Она еще долго увлеченно лепетала бессвязные угрозы, уже забыв, с чего все началось, и зачем она это делала. Ачек со скучающим видом шел рядом с ней и рассматривал свою руку. Догадок не было, но из бреда Тормуны он понял, что глава секты, вероятно, сможет пролить свет на его странную метаморфозу.
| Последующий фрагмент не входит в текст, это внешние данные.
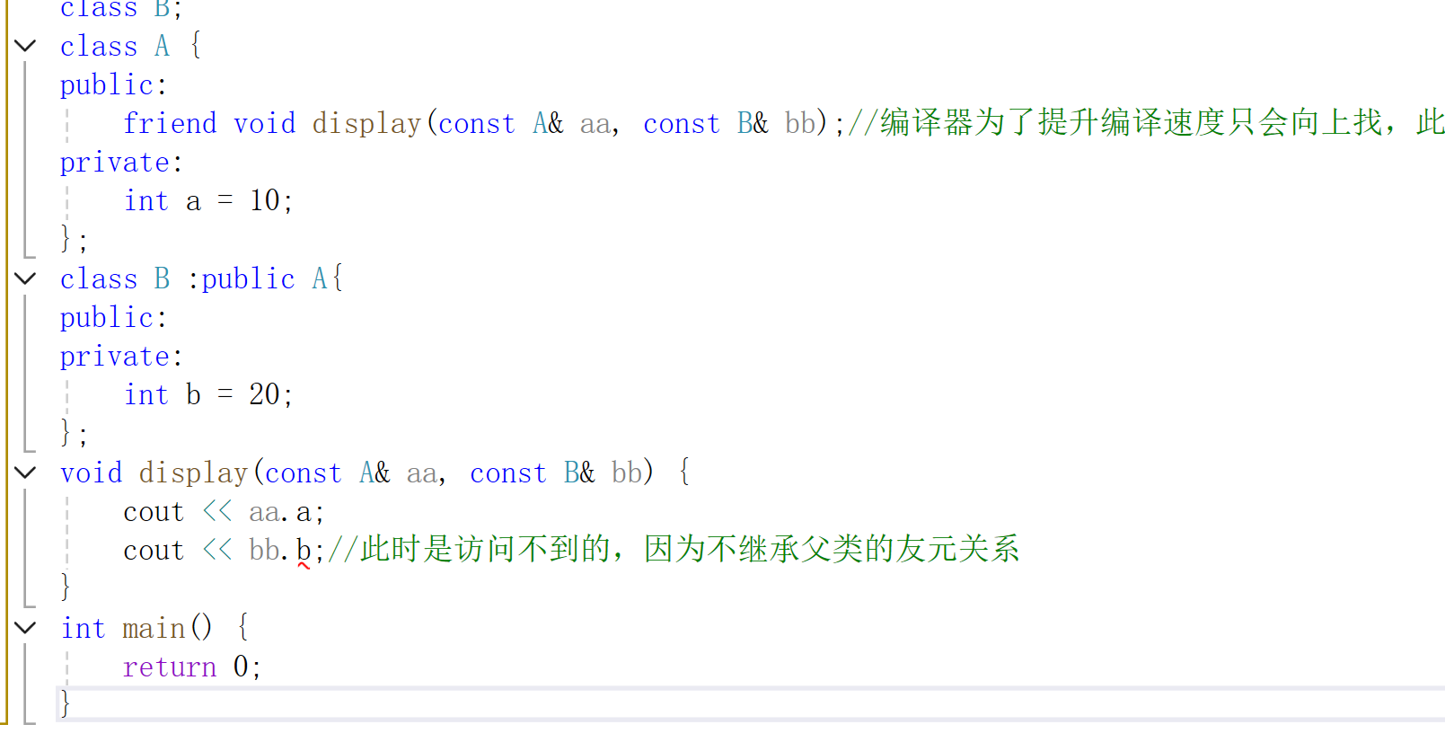 此时我们可以看到,父类的友元函数是父类的,但是子类没有继续过来,不能继续,简朴来说就是你爸爸的朋侪不是你的朋侪。

К тому же, нельзя забывать о миссии...

- Расскажи мне о "старикашке", - попросил По-Тоно, затыкая бесконечный поток слов Аны, которая просто не могла идти ровно - постоянно вилась вокруг него и приплясывала.

- Да что о нем рассказать, никто ничего толком и не знает про него, даже имя, - пожала плечами юная сектантка. - Он называет себя Мертвым Взором, носит повязку на глазах, но видно, что из-под нее торчит что-то такое как у тебя на руке - странная темная кожа, морщинки. Наверное, потому что он старый. Но ты-то не старый! И Мелкая не хочет быть старой, старые люди - некрасивые! Такая серая кожа, что прямо фу! А почему у тебя на руке кожа, как у старого-старого?

- Не отвлекайся, расскажи мне еще о нашем лидере.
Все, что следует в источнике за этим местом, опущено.